**Exercise goal**:
Only certain lines below are wanted: those starting at the line containing "Dennis Nally, Global" and ending at the line containing "Kız çocukları için", both included, each retyped exactly.

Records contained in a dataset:
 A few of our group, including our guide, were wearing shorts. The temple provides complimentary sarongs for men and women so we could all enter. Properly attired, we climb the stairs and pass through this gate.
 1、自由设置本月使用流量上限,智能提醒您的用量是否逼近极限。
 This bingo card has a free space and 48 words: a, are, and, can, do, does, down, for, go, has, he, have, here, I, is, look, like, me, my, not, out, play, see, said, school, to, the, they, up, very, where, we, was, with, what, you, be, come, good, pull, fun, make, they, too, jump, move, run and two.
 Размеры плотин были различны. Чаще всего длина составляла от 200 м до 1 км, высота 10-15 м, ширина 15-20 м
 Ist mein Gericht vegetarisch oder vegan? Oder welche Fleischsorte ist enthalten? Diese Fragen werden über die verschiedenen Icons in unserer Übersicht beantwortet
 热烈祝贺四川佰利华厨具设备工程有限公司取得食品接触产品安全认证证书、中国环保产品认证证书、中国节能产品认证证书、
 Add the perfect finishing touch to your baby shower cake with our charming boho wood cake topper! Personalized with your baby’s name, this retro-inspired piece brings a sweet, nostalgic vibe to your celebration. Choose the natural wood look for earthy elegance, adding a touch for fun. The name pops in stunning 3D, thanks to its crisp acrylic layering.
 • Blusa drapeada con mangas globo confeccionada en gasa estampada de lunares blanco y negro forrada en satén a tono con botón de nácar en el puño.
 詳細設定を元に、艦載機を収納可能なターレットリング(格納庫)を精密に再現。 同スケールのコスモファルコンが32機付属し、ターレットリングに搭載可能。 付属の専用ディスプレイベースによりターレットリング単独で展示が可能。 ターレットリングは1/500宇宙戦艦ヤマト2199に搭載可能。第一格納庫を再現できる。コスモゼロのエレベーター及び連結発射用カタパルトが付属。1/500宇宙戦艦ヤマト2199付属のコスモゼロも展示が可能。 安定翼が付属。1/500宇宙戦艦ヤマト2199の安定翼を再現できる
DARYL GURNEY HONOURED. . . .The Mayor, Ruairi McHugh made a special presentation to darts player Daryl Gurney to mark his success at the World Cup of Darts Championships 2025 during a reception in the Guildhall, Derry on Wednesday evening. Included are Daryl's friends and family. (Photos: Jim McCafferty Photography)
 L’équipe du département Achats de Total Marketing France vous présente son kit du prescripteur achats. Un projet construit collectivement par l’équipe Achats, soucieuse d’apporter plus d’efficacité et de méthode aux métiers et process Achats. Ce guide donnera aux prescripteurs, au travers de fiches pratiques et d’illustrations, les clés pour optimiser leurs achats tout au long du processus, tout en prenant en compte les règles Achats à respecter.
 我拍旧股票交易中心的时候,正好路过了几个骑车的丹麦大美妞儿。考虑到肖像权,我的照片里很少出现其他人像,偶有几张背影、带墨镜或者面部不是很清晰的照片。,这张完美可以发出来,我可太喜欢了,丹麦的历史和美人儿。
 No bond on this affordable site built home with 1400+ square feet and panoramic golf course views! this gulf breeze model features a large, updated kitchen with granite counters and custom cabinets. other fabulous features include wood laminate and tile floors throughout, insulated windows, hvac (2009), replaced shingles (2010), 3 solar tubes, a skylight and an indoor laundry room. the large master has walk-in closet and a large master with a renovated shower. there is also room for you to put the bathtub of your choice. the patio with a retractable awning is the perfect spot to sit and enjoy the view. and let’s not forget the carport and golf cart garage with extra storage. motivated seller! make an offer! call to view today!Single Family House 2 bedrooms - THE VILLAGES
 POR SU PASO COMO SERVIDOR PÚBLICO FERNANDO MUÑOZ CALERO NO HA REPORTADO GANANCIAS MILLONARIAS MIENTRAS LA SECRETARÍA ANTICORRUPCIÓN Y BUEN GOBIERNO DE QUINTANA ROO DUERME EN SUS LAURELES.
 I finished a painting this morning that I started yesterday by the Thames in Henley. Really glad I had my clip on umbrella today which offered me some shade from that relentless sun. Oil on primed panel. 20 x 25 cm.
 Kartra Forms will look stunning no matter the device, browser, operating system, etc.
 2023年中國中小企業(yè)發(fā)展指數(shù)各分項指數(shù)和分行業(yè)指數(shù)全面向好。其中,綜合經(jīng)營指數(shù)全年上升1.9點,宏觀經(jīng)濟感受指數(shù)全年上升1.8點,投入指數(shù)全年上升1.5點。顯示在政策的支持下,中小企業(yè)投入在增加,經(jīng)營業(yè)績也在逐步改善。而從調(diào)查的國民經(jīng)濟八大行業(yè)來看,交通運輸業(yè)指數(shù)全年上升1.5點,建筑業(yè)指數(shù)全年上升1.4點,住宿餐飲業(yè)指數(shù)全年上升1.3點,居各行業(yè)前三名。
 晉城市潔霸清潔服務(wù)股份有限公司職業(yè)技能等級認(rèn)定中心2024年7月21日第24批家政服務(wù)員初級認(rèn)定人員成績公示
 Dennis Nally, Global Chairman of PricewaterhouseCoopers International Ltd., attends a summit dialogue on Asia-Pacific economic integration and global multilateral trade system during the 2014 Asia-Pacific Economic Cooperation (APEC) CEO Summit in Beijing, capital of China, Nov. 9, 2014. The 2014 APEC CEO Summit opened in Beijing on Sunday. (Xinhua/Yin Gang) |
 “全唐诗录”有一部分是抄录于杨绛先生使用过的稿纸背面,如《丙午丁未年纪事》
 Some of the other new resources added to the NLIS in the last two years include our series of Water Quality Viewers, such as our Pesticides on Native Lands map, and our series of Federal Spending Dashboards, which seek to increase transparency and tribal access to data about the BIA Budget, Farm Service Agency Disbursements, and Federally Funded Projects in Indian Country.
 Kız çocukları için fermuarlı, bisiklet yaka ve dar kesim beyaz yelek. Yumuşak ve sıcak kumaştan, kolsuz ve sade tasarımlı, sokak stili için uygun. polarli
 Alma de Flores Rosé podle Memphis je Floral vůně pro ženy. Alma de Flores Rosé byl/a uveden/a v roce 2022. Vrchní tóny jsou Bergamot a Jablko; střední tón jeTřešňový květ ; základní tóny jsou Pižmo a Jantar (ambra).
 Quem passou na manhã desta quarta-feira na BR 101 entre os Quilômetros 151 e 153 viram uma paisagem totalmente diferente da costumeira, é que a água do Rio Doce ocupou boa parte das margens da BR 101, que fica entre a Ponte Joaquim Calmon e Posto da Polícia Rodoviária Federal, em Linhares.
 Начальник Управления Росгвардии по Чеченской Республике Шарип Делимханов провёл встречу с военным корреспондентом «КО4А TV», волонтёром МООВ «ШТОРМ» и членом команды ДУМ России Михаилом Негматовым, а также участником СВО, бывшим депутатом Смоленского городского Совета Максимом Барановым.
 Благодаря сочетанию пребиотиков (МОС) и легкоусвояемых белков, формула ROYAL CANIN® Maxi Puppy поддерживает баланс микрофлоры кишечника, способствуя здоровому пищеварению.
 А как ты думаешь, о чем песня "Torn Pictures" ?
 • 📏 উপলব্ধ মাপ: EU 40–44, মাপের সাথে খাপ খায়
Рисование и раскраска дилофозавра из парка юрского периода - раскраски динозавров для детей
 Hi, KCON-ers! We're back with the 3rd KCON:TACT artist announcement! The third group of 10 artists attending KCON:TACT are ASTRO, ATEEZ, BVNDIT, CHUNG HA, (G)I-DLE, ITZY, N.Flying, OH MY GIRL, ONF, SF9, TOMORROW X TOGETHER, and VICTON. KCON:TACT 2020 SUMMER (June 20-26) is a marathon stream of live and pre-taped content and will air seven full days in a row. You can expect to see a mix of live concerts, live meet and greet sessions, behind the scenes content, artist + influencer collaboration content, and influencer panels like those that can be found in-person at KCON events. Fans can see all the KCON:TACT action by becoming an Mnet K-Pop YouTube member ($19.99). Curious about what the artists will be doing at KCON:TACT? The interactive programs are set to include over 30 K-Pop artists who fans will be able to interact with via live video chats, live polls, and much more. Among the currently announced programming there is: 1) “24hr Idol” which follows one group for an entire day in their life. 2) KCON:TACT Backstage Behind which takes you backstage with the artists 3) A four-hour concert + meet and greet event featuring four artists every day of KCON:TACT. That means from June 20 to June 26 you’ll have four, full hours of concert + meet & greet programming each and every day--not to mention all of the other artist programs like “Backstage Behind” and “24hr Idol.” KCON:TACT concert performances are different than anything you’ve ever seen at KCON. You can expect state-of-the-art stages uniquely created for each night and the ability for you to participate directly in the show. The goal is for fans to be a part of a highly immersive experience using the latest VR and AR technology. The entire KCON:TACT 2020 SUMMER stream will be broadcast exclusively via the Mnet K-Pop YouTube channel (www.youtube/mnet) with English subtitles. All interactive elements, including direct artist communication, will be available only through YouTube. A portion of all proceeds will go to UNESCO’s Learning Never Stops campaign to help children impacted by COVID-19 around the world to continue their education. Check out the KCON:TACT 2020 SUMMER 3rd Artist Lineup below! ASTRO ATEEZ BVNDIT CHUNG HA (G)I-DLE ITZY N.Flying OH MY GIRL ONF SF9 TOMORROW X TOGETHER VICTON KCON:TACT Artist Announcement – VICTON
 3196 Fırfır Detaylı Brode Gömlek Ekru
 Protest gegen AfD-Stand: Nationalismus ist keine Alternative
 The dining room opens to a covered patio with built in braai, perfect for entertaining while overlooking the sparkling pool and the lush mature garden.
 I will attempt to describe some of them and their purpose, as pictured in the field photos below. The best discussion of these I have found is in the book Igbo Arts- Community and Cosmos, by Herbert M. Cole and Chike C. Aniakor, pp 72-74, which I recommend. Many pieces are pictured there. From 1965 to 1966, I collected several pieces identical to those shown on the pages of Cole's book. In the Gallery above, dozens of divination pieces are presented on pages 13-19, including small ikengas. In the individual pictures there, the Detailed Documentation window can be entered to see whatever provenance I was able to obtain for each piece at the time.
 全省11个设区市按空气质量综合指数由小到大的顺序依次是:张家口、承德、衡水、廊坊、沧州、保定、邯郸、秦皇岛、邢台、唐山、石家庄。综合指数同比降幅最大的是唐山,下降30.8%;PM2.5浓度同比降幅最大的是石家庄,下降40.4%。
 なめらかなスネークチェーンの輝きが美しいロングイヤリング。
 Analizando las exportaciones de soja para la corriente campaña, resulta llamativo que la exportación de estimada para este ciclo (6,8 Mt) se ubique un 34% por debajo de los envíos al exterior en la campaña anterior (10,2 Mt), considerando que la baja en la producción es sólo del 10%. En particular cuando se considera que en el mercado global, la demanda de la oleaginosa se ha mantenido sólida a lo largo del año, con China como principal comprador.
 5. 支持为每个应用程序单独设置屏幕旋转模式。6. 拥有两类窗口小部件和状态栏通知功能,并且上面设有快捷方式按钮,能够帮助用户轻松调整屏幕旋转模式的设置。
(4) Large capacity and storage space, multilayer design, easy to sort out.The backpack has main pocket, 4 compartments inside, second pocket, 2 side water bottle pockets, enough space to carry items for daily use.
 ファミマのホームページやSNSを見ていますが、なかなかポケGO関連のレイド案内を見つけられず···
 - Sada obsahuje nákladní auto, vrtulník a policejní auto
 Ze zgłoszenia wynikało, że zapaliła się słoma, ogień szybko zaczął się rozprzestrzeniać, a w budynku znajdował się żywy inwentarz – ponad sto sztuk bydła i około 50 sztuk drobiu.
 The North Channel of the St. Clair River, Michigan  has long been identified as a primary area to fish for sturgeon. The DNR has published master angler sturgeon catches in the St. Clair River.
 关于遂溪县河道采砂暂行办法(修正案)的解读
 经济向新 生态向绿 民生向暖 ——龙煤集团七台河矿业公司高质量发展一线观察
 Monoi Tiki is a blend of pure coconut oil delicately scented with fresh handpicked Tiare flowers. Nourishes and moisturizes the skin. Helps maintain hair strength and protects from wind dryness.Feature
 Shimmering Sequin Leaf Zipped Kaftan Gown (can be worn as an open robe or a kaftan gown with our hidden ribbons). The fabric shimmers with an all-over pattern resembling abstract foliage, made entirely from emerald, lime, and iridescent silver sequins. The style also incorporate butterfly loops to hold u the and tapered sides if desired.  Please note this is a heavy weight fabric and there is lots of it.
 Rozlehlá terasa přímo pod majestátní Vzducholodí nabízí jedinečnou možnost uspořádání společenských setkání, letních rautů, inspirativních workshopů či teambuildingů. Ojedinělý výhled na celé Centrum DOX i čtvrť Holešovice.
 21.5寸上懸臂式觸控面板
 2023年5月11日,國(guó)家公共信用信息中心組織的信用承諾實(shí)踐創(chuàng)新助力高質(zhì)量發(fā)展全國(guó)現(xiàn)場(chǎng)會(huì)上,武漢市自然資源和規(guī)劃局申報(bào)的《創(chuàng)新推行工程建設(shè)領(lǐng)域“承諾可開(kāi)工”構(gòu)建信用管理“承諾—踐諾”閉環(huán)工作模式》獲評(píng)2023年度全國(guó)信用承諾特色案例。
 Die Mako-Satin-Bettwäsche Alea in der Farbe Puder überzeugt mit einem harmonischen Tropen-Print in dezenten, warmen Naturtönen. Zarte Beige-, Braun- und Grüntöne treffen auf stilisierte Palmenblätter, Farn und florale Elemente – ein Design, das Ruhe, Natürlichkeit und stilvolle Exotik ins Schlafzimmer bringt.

**The completed task**:
 Dennis Nally, Global Chairman of PricewaterhouseCoopers International Ltd., attends a summit dialogue on Asia-Pacific economic integration and global multilateral trade system during the 2014 Asia-Pacific Economic Cooperation (APEC) CEO Summit in Beijing, capital of China, Nov. 9, 2014. The 2014 APEC CEO Summit opened in Beijing on Sunday. (Xinhua/Yin Gang) |
 “全唐诗录”有一部分是抄录于杨绛先生使用过的稿纸背面,如《丙午丁未年纪事》
 Some of the other new resources added to the NLIS in the last two years include our series of Water Quality Viewers, such as our Pesticides on Native Lands map, and our series of Federal Spending Dashboards, which seek to increase transparency and tribal access to data about the BIA Budget, Farm Service Agency Disbursements, and Federally Funded Projects in Indian Country.
 Kız çocukları için fermuarlı, bisiklet yaka ve dar kesim beyaz yelek. Yumuşak ve sıcak kumaştan, kolsuz ve sade tasarımlı, sokak stili için uygun. polarli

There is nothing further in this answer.